Особенно важен прием совмещения, послуживший – наряду с логически дополняющим его приемом варьирования – одним из первых камней в намеченном здании поэтики выразительности. С самого начала соавторам была ясна универсальность совмещения, его ключевая роль в любого рода художественных построениях. Мы находили в литературе  многочисленные подтверждения мысли Л. A. Мазеля о том, что “художественное, как  и техническое открытие почти всегда может быть представлено в  виде некоторого совмещения в одном предмете существенных свойств, ранее встречавшихся только порознь”(Мазель 1966:22). Aбстрактность понятия “совмещение” позволяла объяснять с его помощью самый широкий круг художественных  фактов. Этот принцип  усматривался в основе  устройства столь  разнородных явлений и объектов, как,  скажем, (1) уже  упомянутая  выразительная  конструкция внезапного поворота, лежащая в основе необозримого  количества сюжетов (о ее составе см. статью N 3), (2) конкретный физический предмет, вроде окна, газеты или закрытого экипажа в новеллах о Шерлоке Холмсе (которым посвящена статья N 5) или (3) одновременно подчеркнутый и замотивированный жест поворота головы в “Потемкине” (см. выше в настоящем предисловии). В этих трех случаях совмещение выступало как фактическое сосуществование в одном  и том же предмете  или действии  различных, вплоть до противоположности, качеств или функций. Но есть и  совершенно иная разновидность  совмещения – мысленное  взаимоналожение  и отождествление в чем-то сходных объектов (сокращенно совмидент). Она используется, среди прочего, в определении метафоры и некоторых других тропов. В частности, метафора предстает как конструкция из двух ПВ: варьирования  признака Х через два контрастных, за исключением  сходства по Х,  предмета (сокращенно варконтр) и совмидент этих последних.
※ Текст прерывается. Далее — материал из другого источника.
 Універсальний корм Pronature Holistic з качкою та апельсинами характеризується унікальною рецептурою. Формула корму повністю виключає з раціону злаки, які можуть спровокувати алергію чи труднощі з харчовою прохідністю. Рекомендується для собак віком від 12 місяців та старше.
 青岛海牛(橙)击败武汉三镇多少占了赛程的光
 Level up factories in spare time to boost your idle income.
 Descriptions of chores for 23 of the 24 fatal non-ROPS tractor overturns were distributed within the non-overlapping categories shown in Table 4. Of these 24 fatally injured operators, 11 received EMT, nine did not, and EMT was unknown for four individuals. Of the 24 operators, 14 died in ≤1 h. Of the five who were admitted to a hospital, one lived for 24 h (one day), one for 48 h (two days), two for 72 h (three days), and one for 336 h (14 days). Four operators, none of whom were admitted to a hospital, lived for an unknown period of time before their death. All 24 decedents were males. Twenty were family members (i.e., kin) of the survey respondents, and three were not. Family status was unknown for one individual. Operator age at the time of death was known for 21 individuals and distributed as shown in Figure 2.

Обозреть все варианты и применения приема совмещение здесь невозможно; стоит упомянуть лишь самое общее: что данный ПВ может выполнять, с одной стороны,  функции “идеологические”, осуществляя  медиацию между важнейшими мировоззренческими альтернативами,  занимающими человечество (например, ‘опасность’ vs. ‘безопасность’, как приблизительно определяются полюса в  новеллах шерлокхолмсовского цикла; другие примеры  см. в статье N 11), а с другой – функции “технические”, создавая объекты, интересные прежде  всего компактностью, оригинальностью  и, одновременно, органичностью объединения разнородных качеств, идей, операций (примером удачного  технического совмещения может  служить соединение  революции, осени и орнаментальности в обертке “Октябрь”).
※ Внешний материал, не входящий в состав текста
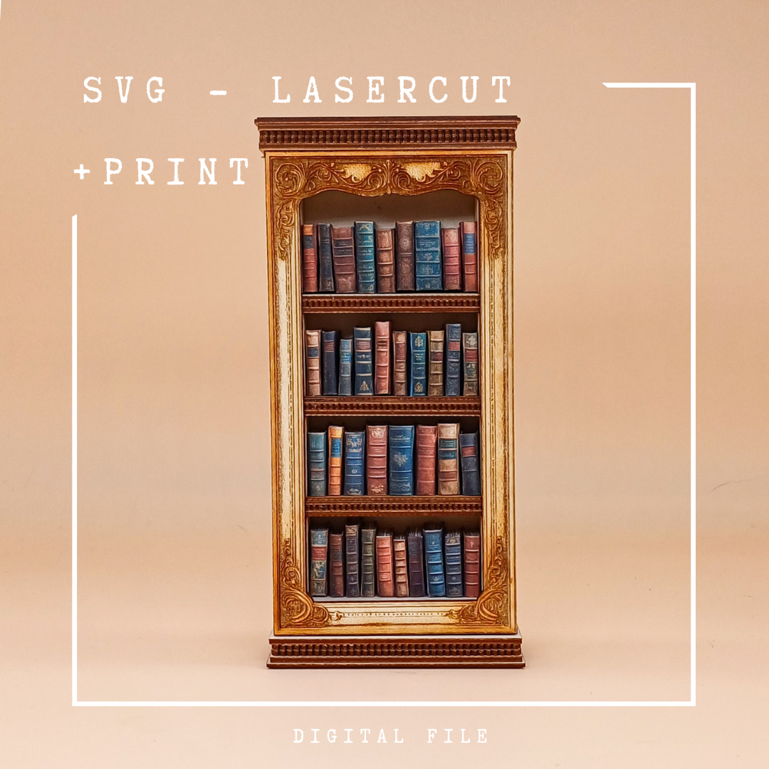 Baue dir deine eigene zauberhafte Miniatur-Bibliothek – im Maßstab 1:12 und perfekt abgestimmt auf 2 mm starkes Material. Dieses Set enthält nicht nur eine reich verzierte Bücherwand als Lasercut-Datei, sondern auch einen liebevoll gestalteten Bastelbogen mit 47 Miniaturbüchern – mehr, als ins Regal passen!
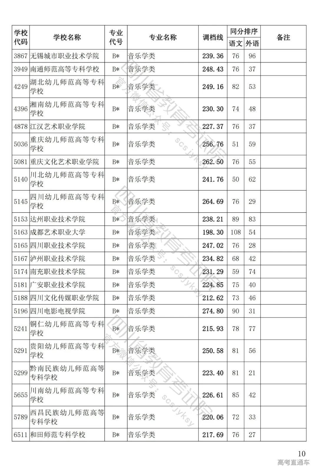 音乐学类调档线前十的院校中,7所为师范类院校,分别是四川幼儿师范高等专科学校、重庆幼儿师范高等专科学校、闽江师范高等专科学校、赣州师范高等专科学校、贵阳幼儿师范高等专科学校、湖北幼儿师范高等专科学校、南通师范高等专科学校。
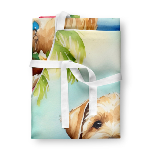 Apron featuring breed specific Wheaten Terrier artwork. Elevate your cooking, baking, and grilling experiences with our versatile Kitchen or BBQ Apron. This Bib Style apron isn’t just limited to culinary activities – it also serves as an excellent baking apron, artist apron, server apron, gardening apron, or even a dog grooming apron. The apron showcases vibrant full-color artwork contributed by one of our talented artists, bringing a dash of style to your daily tasks. With dimensions of approximately 27″W x 30″H, it provides ample coverage to protect your clothing from spills and splashes. Our apron is meticulously crafted from 100% Ultra Spun Polyester, known for its durability and lightweight nature. The apron comes with white tie straps, ensuring a comfortable and adjustable fit for all. It’s a perfect choice for kitchen apron enthusiasts, whether you are a woman or a man. Designed for easy maintenance, this apron is fully machine washable. The quick-drying polyester material actively reduces staining, keeping your apron looking fresh and new for longer. Our beautifully designed apron isn’t just a functional kitchen accessory – it’s a fashion statement in the culinary world!
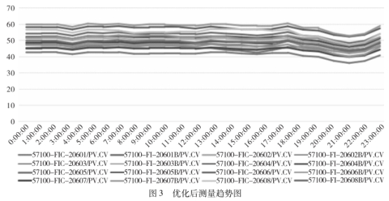 2)优化后加氢精制减压塔加热炉8路进料流量在2017年12月某--天24h的测量折线图如图3所示。

Как же должен выглядеть анализ литературного  произведения, основанный на  понятии темы и на системе приемов выразительности?  Как было сказано выше, соавторы стремились к возможно более подробной и дотошной фиксации выразительных решений, принимаемых писателем в процессе воплощения темы.  Описание, включающее столь большое  количество  “мелочей”, рискует оказаться слишком громоздким, запутанным,  непригодным для чтения; придать ему ясность и обозримость можно по известному риторическому методу  последовательных приближений, повторных  пересказов одного и того же содержания с  возрастающей степенью  подробности. Но  еще более важную и принципиальную роль сыграла аналогия с  современной лингвистикой, которая рассматривает структуру языковых высказываний в виде серии уровней,  приближающихся  к реальному  тексту  и связанных  между собой трансформациями. Параллелизм между художественным и языковым высказыванием очеваиден, и идея применить сходный дескриптивный аппарат напрашивалась сама  собой. В силу этих соображений  формой представления художественной структуры в поэтике выразительности стала деривация – многоступенчатый вывод текста из темы с помощью ПВ.
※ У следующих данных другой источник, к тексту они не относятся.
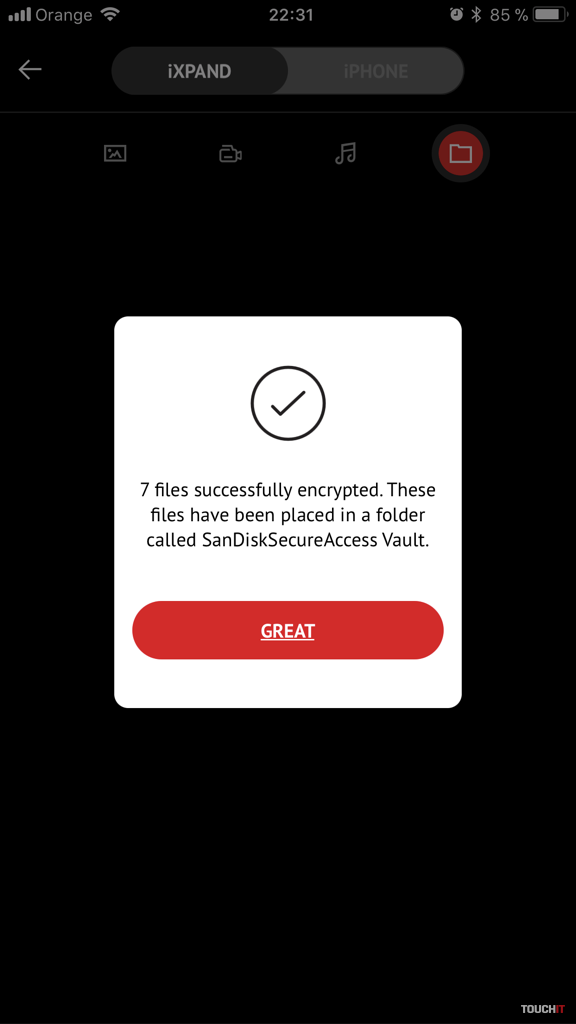 Bezpečnosť – Jednotlivé súbory alebo celé zložky môžete zašifrovať, pričom sa k nim dostanete iba po zadaní vami vytvoreného kódu alebo za pomoci touchID. Záleží na tom, ktorý spôsob zvolíte. Výhodou je, že ak iXpand pripojíte k počítaču, šifrované dáta v bežnej zložke nevidíte, sú skryté. V ponuke je aj možnosť dešifrovania súborov za pomoci programu, ktorého inštalačný balík sa nachádza na kľúči (pre macOS a Windows), toto nám však nefungovalo korektne. Nevýhodou je aj to, že šifrovanie väčších zložiek a súborov trvá dlhší čas.
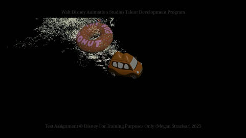 This energetic car chase was given as a canvas for environmental effects. Starting with only the camera, a plain Zootopia themed environment, and car animations, I was tasked to develop new surroundings for the vehicle in order to heighten the interest, stakes, and entertainment of the shot. Utilizing the MPM solver, I created a snowy wonderland, causing the cars to kick up snow, leave slushy tracks in their wake, and be at risk from sliding out at any moment, (may a giant pink donut happen to come crashing into the road from a town over). I wanted to practice matching up to a leading shot, so I took inspiration from the donut sequence in Zootopia to lead into the unexpected twist within my shot.

Тема – самый абстрактный, или глубинный, уровень описания текста. Как было сказано, она мыслится – с некоторыми важными  оговорками – как лишенная  выразительности.  В  первых  опытах  поэтики  выразительности деривация  текста из темы  выглядела как  сплошной,  не  делившийся  на какие-либо уровни процесс (именно таковы образцы, которые читатель найдет в Приложении).  В дальнейших работах соавторов, по  мере усложнения анализируемых  текстов, такое  разделение стало  необходимым. Следующим после темы  этапом на пути  наращивания  художественности  стал уровень глубинного решения,  связывающего элементы темы в  некую первичную конструкцию, которая уже обладает некоторой художественностью, поскольку в ее организации  участвовали ПВ, но еще не является  линейной (вытянутой по временной оси). Глубинное решение, которое можно  назвать общей программой деривации текста, реализуется затем в виде глубинной структуры, которая  затем преобразуется в поверхностную структуру,  отражающую все существенные элементы и связи произведения.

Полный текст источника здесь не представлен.